Continuing the example from last lecture with data

Data: \((y_i,x_i) \quad i=1,\dots,19\)

Model: \(E(Y_i) = \alpha+\beta x_i\)

We now are asked to:

Construct a confidence interval for \(\beta\) to test it’s significant.
Predict a future observation of protein level in a health women at \(x=27\) weeks.

To answer the questions we will need the following:

\[\mathbf{X} =\left( \begin{array}{cc} 1 & x_1 \\ . & . \\ . & . \\ . & . \\ . & . \\ 1 & x_n \\ \end{array} \right)\]

\[\begin{aligned} (\mathbf{X}^T\mathbf{X}) &= \left( \begin{array}{cc} n & \sum_{i=1}^n x_i \\ \sum_{i=1}^n x_i & \sum_{i=1}^n x_i^2 \\ \end{array} \right) =\left( \begin{array}{cc} 19 & 456 \\ 456 & 12164 \\ \end{array} \right)\\ (\mathbf{X}^T\mathbf{X})^{-1} &= \left( \begin{array}{cc} 0.524763 & -0.019672\\ -0.019672 & 0.000820 \\ \end{array} \right)\quad \quad \quad \quad \quad \quad \quad (2)\\\end{aligned}\]

and the R output

pregnancy<-read.csv("week6/Lecture12/PROTEIN.CSV",header=T)
fit1<-lm(formula = Protein ~ Gestation,data=pregnancy)
summary(fit1)

## 
## Call:
## lm(formula = Protein ~ Gestation, data = pregnancy)
## 
## Residuals:
##      Min       1Q   Median       3Q      Max 
## -0.16853 -0.08720 -0.01009  0.08578  0.20422 
## 
## Coefficients:
##             Estimate Std. Error t value Pr(>|t|)    
## (Intercept) 0.201738   0.083363   2.420    0.027 *  
## Gestation   0.022844   0.003295   6.934 2.42e-06 ***
## ---
## Signif. codes:  0 '***' 0.001 '**' 0.01 '*' 0.05 '.' 0.1 ' ' 1
## 
## Residual standard error: 0.1151 on 17 degrees of freedom
## Multiple R-squared:  0.7388, Adjusted R-squared:  0.7234 
## F-statistic: 48.08 on 1 and 17 DF,  p-value: 2.416e-06

Confidence Interval

So, a 95% C.I. for \(\beta\) is

\[0.0228\pm t(17;0.975)\sqrt{\frac{0.2251}{17}\mathbf{b}^T(\mathbf{X}^T\mathbf{X})^{-1}\mathbf{b}}\]

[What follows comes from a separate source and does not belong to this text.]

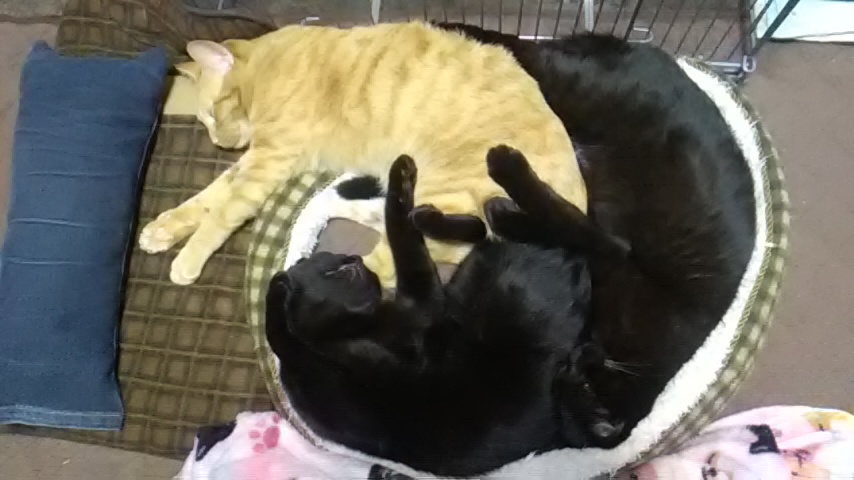 さてさて、鍵さんがエリザベスを外すと、鋼さんが夜は鍵さんと寝るようになりました~ゴロニャン ~(=^・・^)(^・・^=)~ ナカヨシ

and since \(\mathbf{b} = \left( \begin{array}{c} 0 \\ 1 \\ \end{array} \right)\) ie

\[\begin{aligned} 0.0228 &\pm& 2.11\sqrt{\frac{0.2251}{17}0.000820}\\ 0.0228 &\pm& 2.11(0.003295)\end{aligned}\]

i.e. \(0.0228 \pm 0.0070\),

i.e. (0.016, 0.030)

\(\newline\) The fact that this interval contains only positive values tells us that there is clear evidence that the average level of protein increases with gestation. The coefficient for \(\beta\) is highly likely to lie somewhere between 0.02 and 0.03.

\(\newline\) Note: A confidence interval that includes zero indicates that there insufficient evidence of a relationship between the response and the explanatory variable. In this situation we would expect the p-value for testing H\(_0:\beta=0\) to be \(>0.05\).

Prediction Interval

In order to use this model in a clinical setting we need a means of telling what values of protein level are expected for a future healthy mother who attends this clinic. For example, if a woman who is 27 weeks pregnant has a protein level of 1.06, should this be regarded as unusual? A prediction interval helps us to answer this question.

A 95% P.I. for a future observation \(y\) at \(x = 27\) is done in the following way:

Here \(\mathbf{b} = \left( \begin{array}{c} 1 \\ 27 \\ \end{array} \right)\).

Thus

\[\begin{aligned} \boldsymbol{b}^T(\boldsymbol{X}^T\boldsymbol{X})^{-1}\boldsymbol{b} &= \left(\begin{array}{cc} 1 & 27 \end{array}\right) \left(\begin{array}{cc} 0.5247 & -0.0196 \\ -0.0196 & 0.0008 \end{array}\right) \left(\begin{array}{c} 1 \\ 27 \end{array}\right)\\ &= \left(\begin{array}{cc} -0.0064& 0.0025 \end{array}\right) \left(\begin{array}{c} 1 \\ 27 \end{array}\right)\\ &= 0.060255 \end{aligned}\]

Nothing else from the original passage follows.